WHAT IS BEING ASKED » All lines from the beginning of the listing through the line with "海豚君认为,这里一方面是由于" are to be copied word for word; the pictures are not.

MATERIAL PROVIDED »
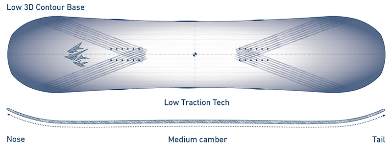 - Low 3D Contours Base — скругление кантов начинается с уровня появления рокера. Канты приподняты на 2 мм в зоне носа и хвоста, что способствует более легкой управляемости на разном типе снега.
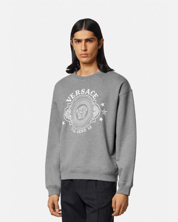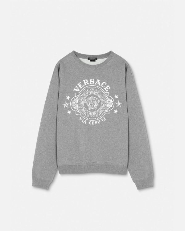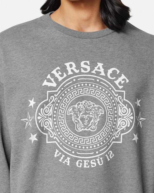 This sweatshirt has a regular fit with slightly dropped shoulders and a crewneck design, featuring a Medusa Badge motif with archival design elements.
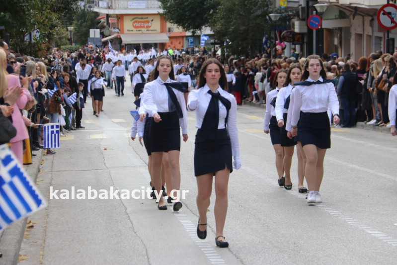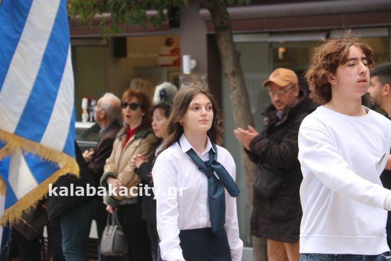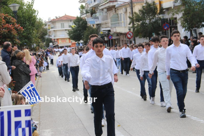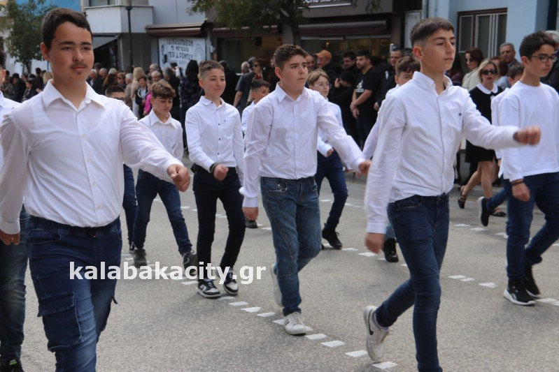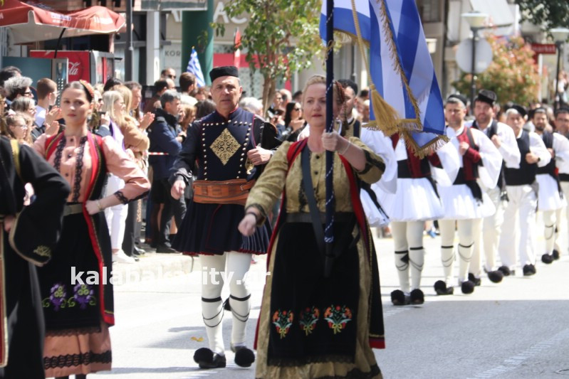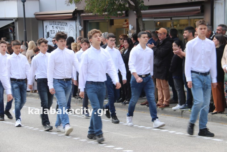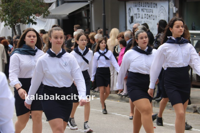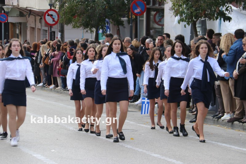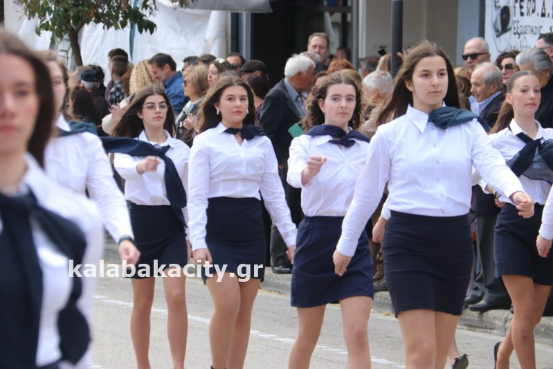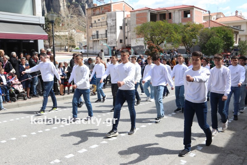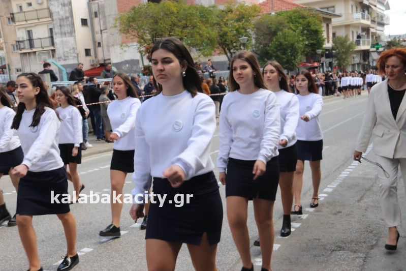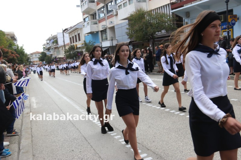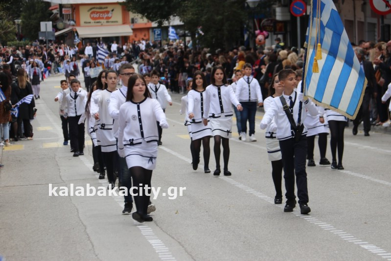 Η παρέλαση ξεκίνησε με την φιλαρμονική του Δήμου Μετεώρων και στην συνέχεια τα μαθητικά τμήματα, ο Οδηγισμός, ο Χορευτικός όμιλος Καλαμπάκας “ΜΕΤΕΩΡΑ”, η Αστυνομία και η Π.Υ Καλαμπάκας πέρασαν από την οδό Τρικάλων της πόλης τιμώντας την Εθνική μας Επέτειο.
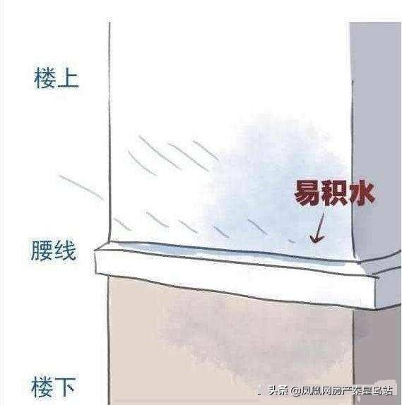 腰线房与其他楼层相比,更容易渗水,因为腰线房的外墙上方会突出一部分,所以下雨时,这个腰线就会接收更多的雨水,也就更容易出现渗水的情况,从而造成墙体发霉。如果防水没做好甚至可能会影响到楼下。
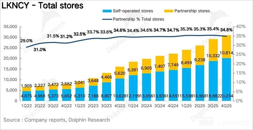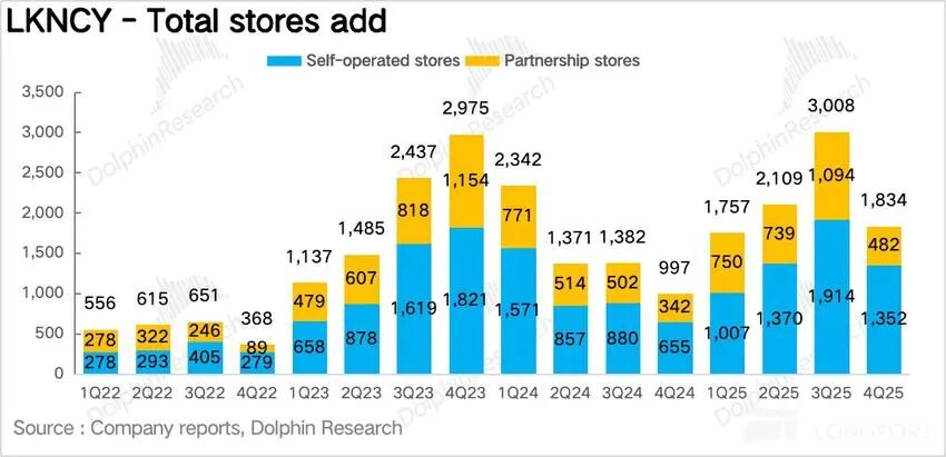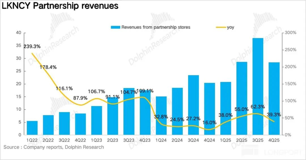 海豚君认为,这里一方面是由于2025年瑞幸经历了在下沉市场大规模开设加盟门店抢占市场,而这些加盟商即将迎来第一个淡季(一季度),可以帮加盟商平稳过渡。
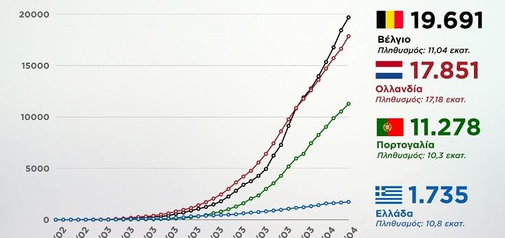 Παράλληλα, την θετική πορεία της χώρας αλλά και την αποτελεσματικότητα των μέτρων καταγράφουν δύο γραφήματα που δείχνουν την καμπύλη αύξησης κρουσμάτων και θυμάτων του κορωνοϊού στην Ελλάδα συγκριτικά με τρεις άλλες χώρες, με παρόμοιο πληθυσμό. Συγκεκριμένα, τα γραφήματα δείχνουν τη σύγκριση με Ολλανδία, Βέλγιο και Πορτογαλία το διάστημα από τις 26 Φεβρουαρίου έως και τις 5 Απριλίου.
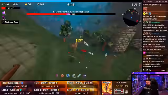 01:55:57Der Streamer beginnt den Spielmodus "Instant" und stürzt sofort in einen lauten, unruhigen Kampf. Er beschreibt den Build als "greedy" und die Items nicht ideal, besonders ein "Mengenband", das ihm wenig nützt. Das Gameplay wird als fordernd und chaotisch wahrgenommen, da er oft stirbt und Schwierigkeiten hat, Synergien zwischen seinen Ausrüstungsgegenständen zu finden. Er erinnert sich an das Ziel, möglichst viele Gegner zu töten und auf das Highscore-Board zu klettern. Die Suche nach einem guten Boss und besseren Items gestaltet sich frustrierend.
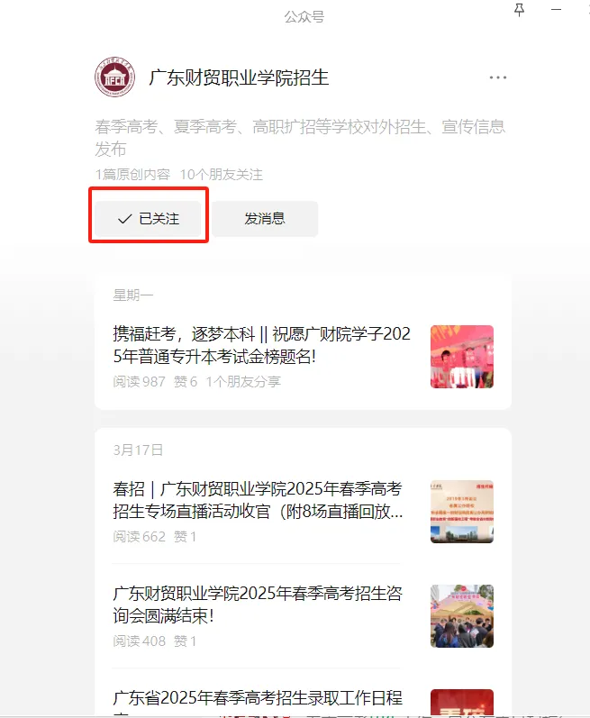 步骤一:搜索并关注我校官方招生微信公众号“广东财贸职业学院招生”

YOUR SOLUTION »
 - Low 3D Contours Base — скругление кантов начинается с уровня появления рокера. Канты приподняты на 2 мм в зоне носа и хвоста, что способствует более легкой управляемости на разном типе снега.
 This sweatshirt has a regular fit with slightly dropped shoulders and a crewneck design, featuring a Medusa Badge motif with archival design elements.
 Η παρέλαση ξεκίνησε με την φιλαρμονική του Δήμου Μετεώρων και στην συνέχεια τα μαθητικά τμήματα, ο Οδηγισμός, ο Χορευτικός όμιλος Καλαμπάκας “ΜΕΤΕΩΡΑ”, η Αστυνομία και η Π.Υ Καλαμπάκας πέρασαν από την οδό Τρικάλων της πόλης τιμώντας την Εθνική μας Επέτειο.
 腰线房与其他楼层相比,更容易渗水,因为腰线房的外墙上方会突出一部分,所以下雨时,这个腰线就会接收更多的雨水,也就更容易出现渗水的情况,从而造成墙体发霉。如果防水没做好甚至可能会影响到楼下。
 海豚君认为,这里一方面是由于2025年瑞幸经历了在下沉市场大规模开设加盟门店抢占市场,而这些加盟商即将迎来第一个淡季(一季度),可以帮加盟商平稳过渡。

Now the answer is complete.